Bioperl Install Directions

o System requirements

 - Tested on all common forms of Unix, Win9X/NT/2000, Mac OS X 
   (see the PLATFORMS file for more details)

 - perl 5.004 or later *.

 - ANSI C or Gnu C compiler for optional extra XS extensions 

 - External modules: Bioperl uses functionality provided in other
   Perl modules.  Some of these are included in the standard perl
   install and some need to be obtained from the CPAN (www.cpan.org)
   site.  The list of external modules is included at the bottom of
   the INSTALL document and in the bptutorial.pl tutorial.  The
   Bioperl Bundle (Bundle::BioPerl) available through CPAN can make
   this process even easier.  Simply install the bundle in your CPAN
   shell and all necessary modules will be installed.

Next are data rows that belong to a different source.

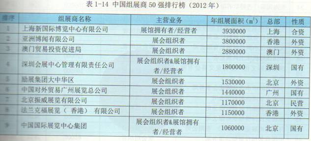 (數(shù)據(jù)來源:中外會(huì)展業(yè)動(dòng)態(tài)評(píng)估年度報(bào)告課題組,中國組展商實(shí)力報(bào)告,《中外會(huì)展業(yè)動(dòng)態(tài)評(píng)估年度報(bào)告(2012)》,P187-188)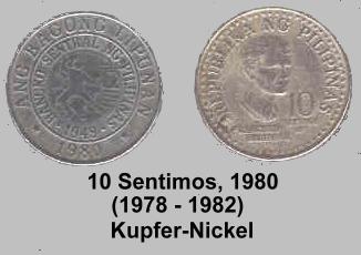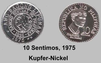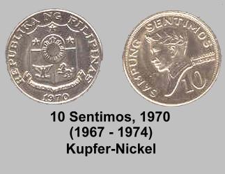 Probemünze (geprägt 1967) der Central Bank of the Philippines im Wert von 10 Centavos.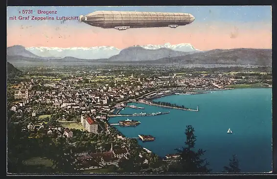 AK Bregenz, Graf Zeppelins Luftschiff über der Stadt, Hafen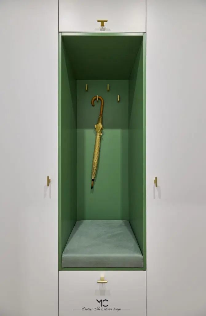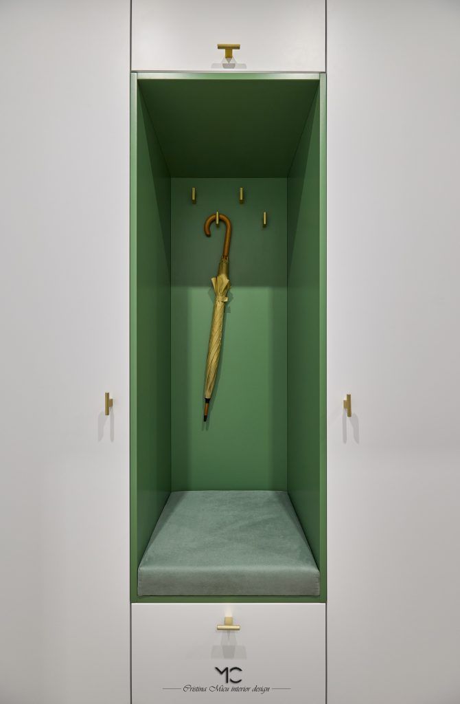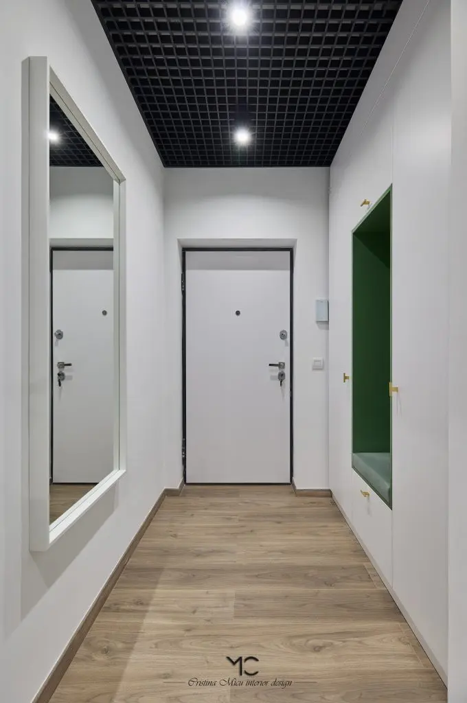Accente care amintesc de stilul industrial regasim si in hol unde a fost propus un tavan casetat negru cu spoturi mici. Contrastul cu piesele de mobilier albe cu accesorii aurii delicate si catifeaua verde a banchetei este unul extrem de placut.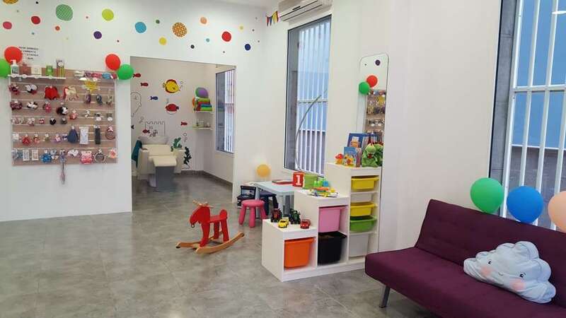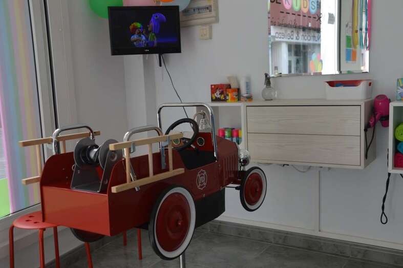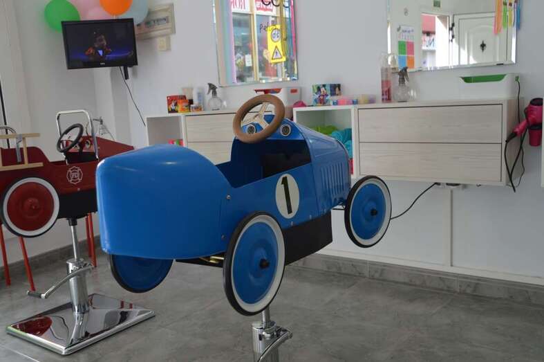 El coqueto establecimiento está en el número 12 de la calle de María Encarnación Navarro. Todo está cuidado al mínimo detalle para que los niños se sientan a gusto y disfruten mientras se les corta el pelo. Los sillones son cochecitos, una pantalla de televisión ofrece dibujos animados y posee una sala de juegos para el entretenimiento de los más pequeños con tabletas/ipads mesas y sillas para pintar.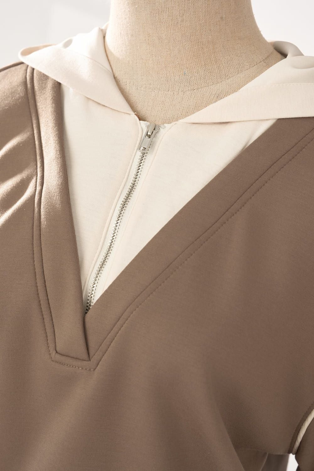 Áo thể thao nữ Cardina vải umi cổ V kéo khóa có mũ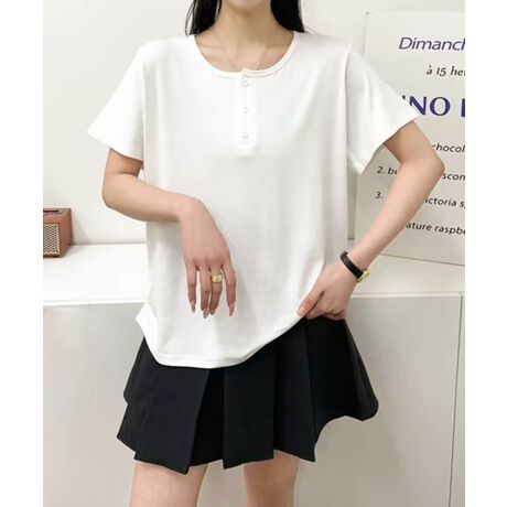 フロントにあしらわれたミニボタンがアクセントになった、ナチュラルな雰囲気のTシャツ。シンプルながらもディテールにこだわった一枚で、着こなしにさりげない変化を与えてくれます。

 - A problem with ExtUtils::MakeMaker and the large number of modules
   in the Bioperl distribution was preventing installation on IRIX and
   other OSes where the MAX_ARGS is small.  See the PLATFORMS file
   for workarounds.

 - Bioperl on ActiveState for Windows - An ActiveState PPM distribution is
   available for bioperl.  Issue the following command in your PPM
   shell to install the Bioperl PPD.
   PPM> set repository bioperl http://bioperl.org/DIST/
   PPM> search bioperl             (this will show you what are the available
				    bioperl versions)
   PPM> install bioperl		   (will install the default version

 - Additional information using Bioperl with MacOS can be 
   found at http://bioperl.org/Core/mac-bioperl.html

 - Additional information using Bioperl with OS X can be 
   found at http://www.tc.umn.edu/~cann0010/Bioperl_OSX_install.html

 - External programs
   Bioperl can interface with some external programs for executing
   analyses.  These include clustalw and t_coffee for Multiple
   Sequence Alignments (Bio::Tools::Run::Alignment::Clustalw and
   Bio::Tools::Run::TCoffee) and blastall,blastpgp, & bl2seq for BLAST
   analyses (Bio::Tools::Run::StandAloneBlast), and to all the
   programs in the EMBOSS suite (Bio::Factory::EMBOSS).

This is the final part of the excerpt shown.